Week 5: 3D Printing

When we were given the task to design something impossible to manufacture using traditional techniques, I immediately jumped to two things: infill and a planetary gearbox with herringbone gears. Regarding the former, the complex geometry of infill is something that I'd imagine is very difficult to recreate using subtractive manufacturing. As for the latter, a planetary gearbox with herringbone gears can only be made as one collective assembly: it just isn't physically possible to combine each of the seperate parts due to the nature of herringbone gears.

Herringbone gears

Herringbone gear compared to herringbone flooring

Herringbone gears (AKA double helical gears) are special kind of gear that has restricted movement along the axis of it's rotation when it's paired with another gear. It's hard to describe this with words, but a picture will makes it obvious how it's geometry does this:

The "V" geometry restricts the side to side movement. Pretty neat!

Since we can't move a pair of herringbone gears side to side, it's impossible to assemble a herringbone planetary gearbox from its individual pieces since we can't just slide a gear in.
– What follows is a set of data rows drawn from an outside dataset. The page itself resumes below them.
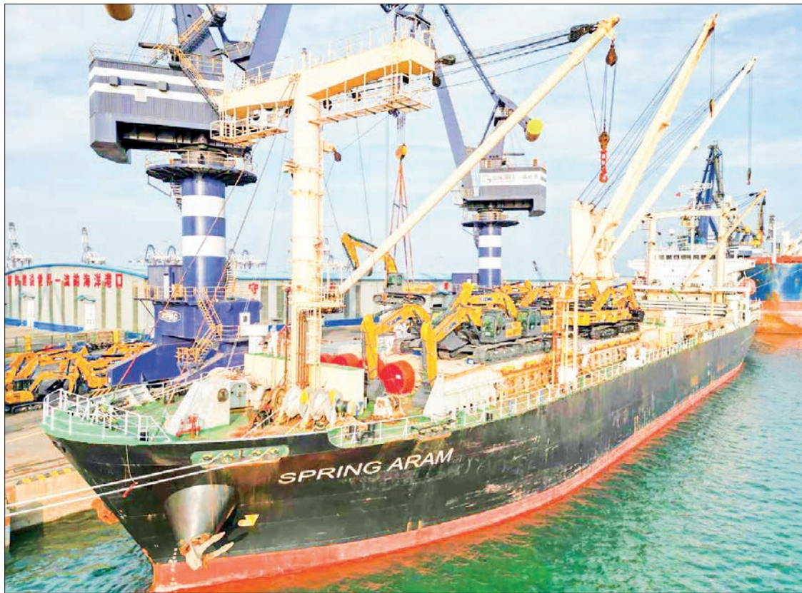
Engineering machinery is loaded at Yantai Port, Shandong province, for export to Indonesia.

The full implementation will inject strong momentum into regional economic integration, comprehensively enhance the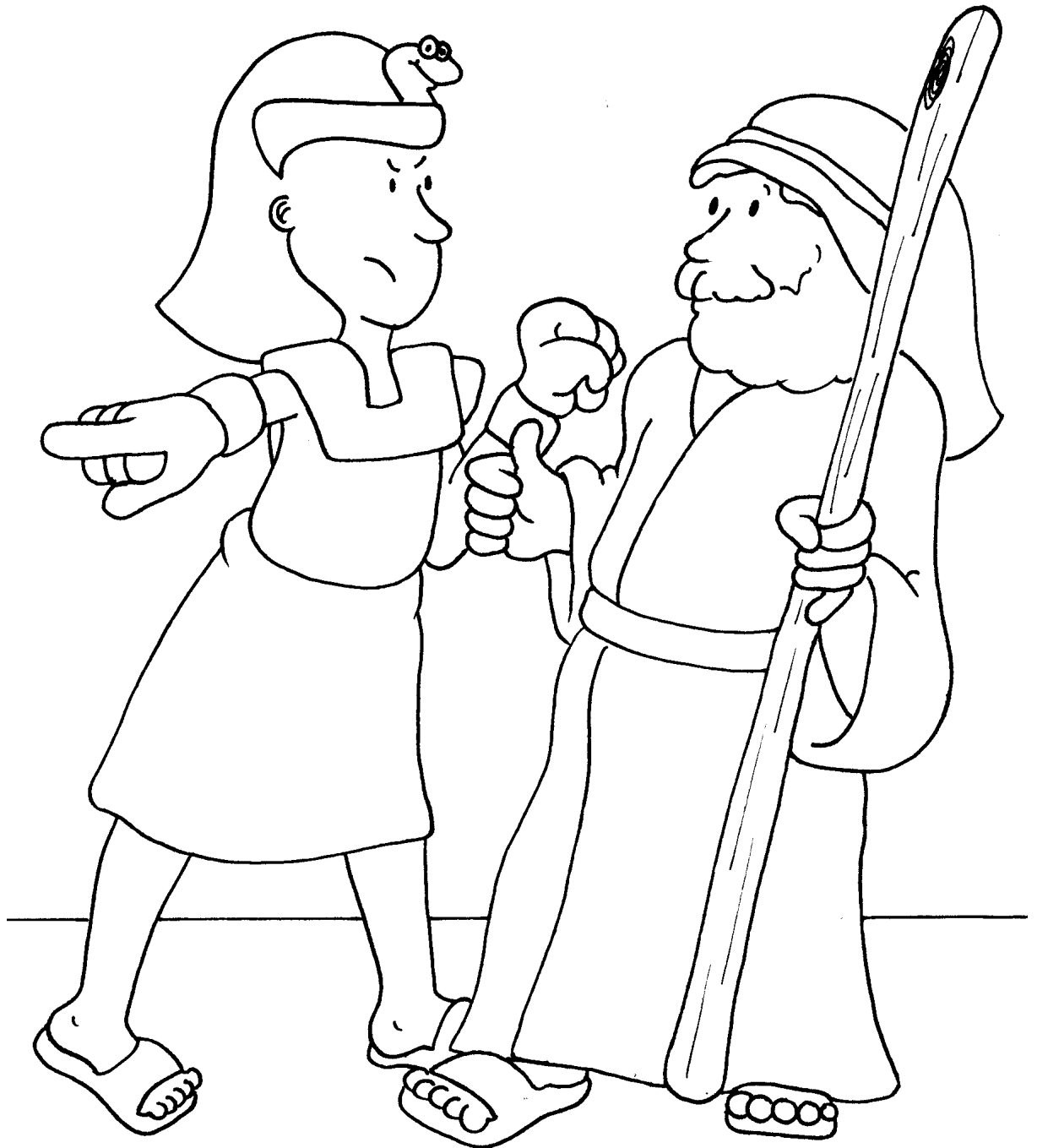
ILLUSTRATION MOSES WITH PHAROH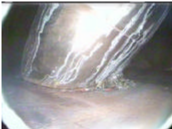
Figure 13 - CRDMP No.75 L-15 Conoseal Leakage Path at Penetration to RPV Head Interface Side View ( As Found )

NRC BULLETIN 2002-01, "REACTOR PRESSURE VESSEL HEAD DEGRADATION AND REACTOR COOLANT PRESSURE BOUNDARY INTEGRITY"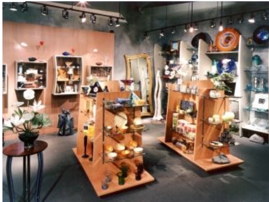
HoyPoloi Gifts Walt Disney World, FL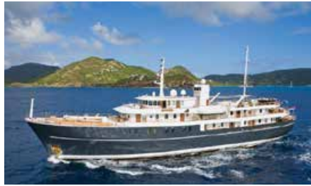
SHERAKHAN 69.65 m 26-28/19 Caribbean 425,000/390,000 €/week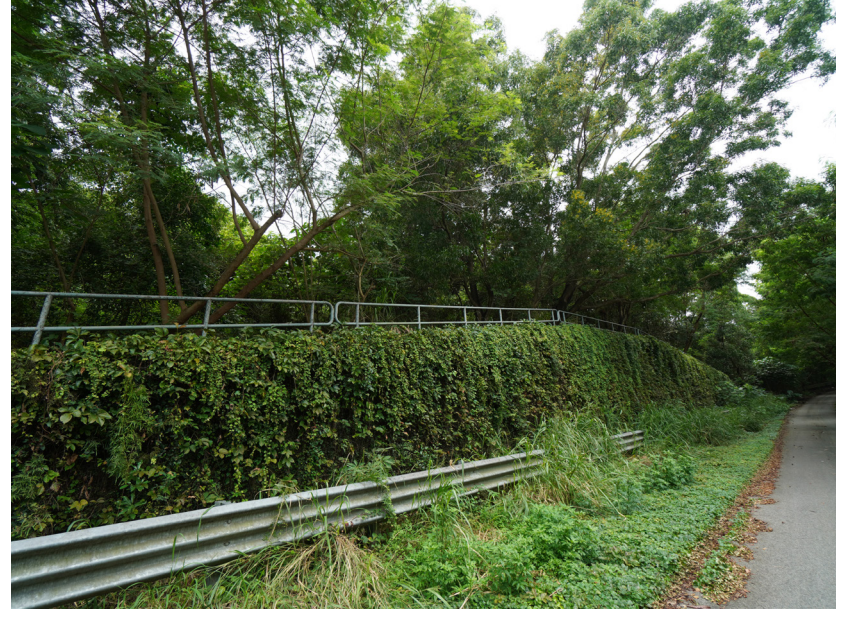
LR-3 VEGETATION ON ROADSIDE ENGINEERED SLOPES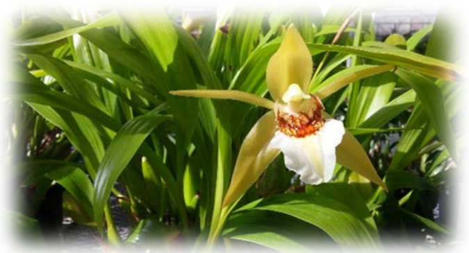
Coelogyne lawrenciana - rbg GREENJO RBG Greenhouse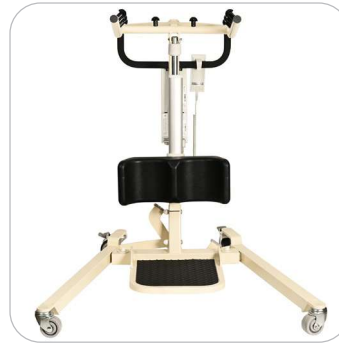
Adjustable Width from 22" - 38"

However, they also come with a bunch of annoying calculations if you want things to work.

Things to remember when creating planetary gearboxes:

Tolerancing will take some trial and error and is slightly different for different printers.

Here's the link to the Onshape document! Here's the link to the STL! Here's the link to the Gcode!

Images

3D Scanning

I created 3D scan of Shyla's lego snorlax using a Revo Scanner. The process is a bit tedious and inaccurate, but it's pretty neat.